International education
France has its own international school regulator, the AEFE.
Higher education
Higher education in France is organized in three levels, which correspond to those of other European countries, facilitating international mobility: the Licence and Licence Professionnelle, and the Master's and Doctorat degrees. The Licence and the Master are organized in semesters: 6 for the Licence and 4 for the Master. Those levels of study include various "parcours" or paths based on UE, each worth a defined number of European credits. A student accumulates those credits, which are generally transferable between paths. A licence is awarded once 180 ECTS have been obtained; a master is awarded once 120 additional credits have been obtained.Licence and master's degrees are offered within specific domaines and carry a specific mention. Spécialités, which are either research-oriented or professionally oriented during the second year of the Master. There are also professional licences whose objective is immediate job integration. It is possible to return to school later by continuing education or to validate professional experience.

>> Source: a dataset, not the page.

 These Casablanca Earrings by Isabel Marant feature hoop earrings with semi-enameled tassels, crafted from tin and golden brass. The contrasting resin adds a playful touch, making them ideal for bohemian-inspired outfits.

Higher education in France is divided between grandes écoles and public universities. The grandes écoles admit the graduates of the level Baccalauréat + 2 years of validated study whereas universities admit all graduates of the Baccalauréat.
Higher education in France was reshaped by the student revolts of May 1968. During the 1960s, French public universities responded to a massive explosion in the number of students by stuffing approximately one-third of their students into hastily developed campus annexes which lacked decent amenities, resident professors, academic traditions, or the dignity of university status. With so many students ripe for radicalization after being forced to study in such miserable conditions, change was necessary and inevitable. Rather than expand already-overwhelmed parent campuses, it was decided to split off the annexes as new universities.

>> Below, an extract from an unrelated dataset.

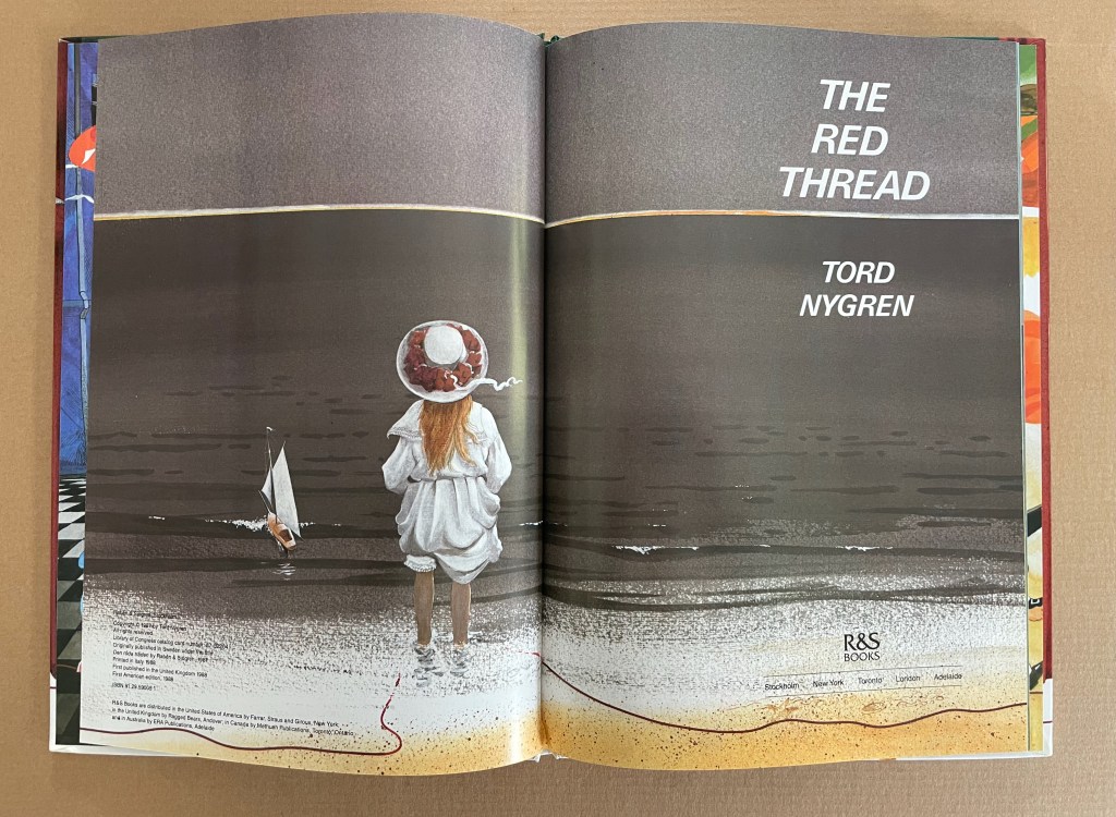 The Swedish expression “den röda tråden” translates best as “the common thread”, the thing that links together otherwise disparate things and experiences. The literal translation, however, works best for Tord Nygren’s Den Röda Tråden (1987), leaving us to follow the red thread that the clown offers to the children on the front cover. The thread wraps around to the pastedown and across the fly leaf chased by the runaway carousel horse …

As a result, French higher education, compared with other countries, is small in size with a multiplicity of establishments, each specialised in a more-or-less broad spectrum of areas. A middle-sized French city, such as Grenoble or Nancy, may have 2 or 3 universities as well as a number of other establishments specialised in higher education. In Paris and its suburbs, there are currently 11 universities, none of which is specialised in one area or another, plus many smaller institutions that are highly specialised. It is not uncommon for graduate teaching programmes to be operated in common by several institutions, allowing the institutions to present a larger variety of courses.

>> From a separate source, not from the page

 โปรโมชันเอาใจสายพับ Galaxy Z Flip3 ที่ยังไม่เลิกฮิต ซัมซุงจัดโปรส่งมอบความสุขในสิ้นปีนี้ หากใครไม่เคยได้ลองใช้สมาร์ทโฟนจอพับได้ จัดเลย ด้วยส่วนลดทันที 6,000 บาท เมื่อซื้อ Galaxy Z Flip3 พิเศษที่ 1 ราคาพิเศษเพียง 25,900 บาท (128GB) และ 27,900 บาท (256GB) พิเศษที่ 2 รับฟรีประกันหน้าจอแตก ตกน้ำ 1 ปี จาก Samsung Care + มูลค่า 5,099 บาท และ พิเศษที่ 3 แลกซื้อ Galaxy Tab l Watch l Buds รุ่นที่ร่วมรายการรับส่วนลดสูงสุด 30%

In engineering schools and the professional degrees of universities, a large share of the teaching staff is often made up of non-permanent professors; instead, part-time professors are hired to teach one specific subject. Part-time professors are generally hired from neighbouring universities, research institutes or industries.
Another original feature of the French higher education system is that a large share of the scientific research is carried out by research establishments such as CNRS or INSERM, which are not formally part of the universities. However, in most cases, the research units of those establishments are located inside universities and jointly operated by the research establishment and the university.
In 2021, 1.65 million students are enrolled in French higher education institutions.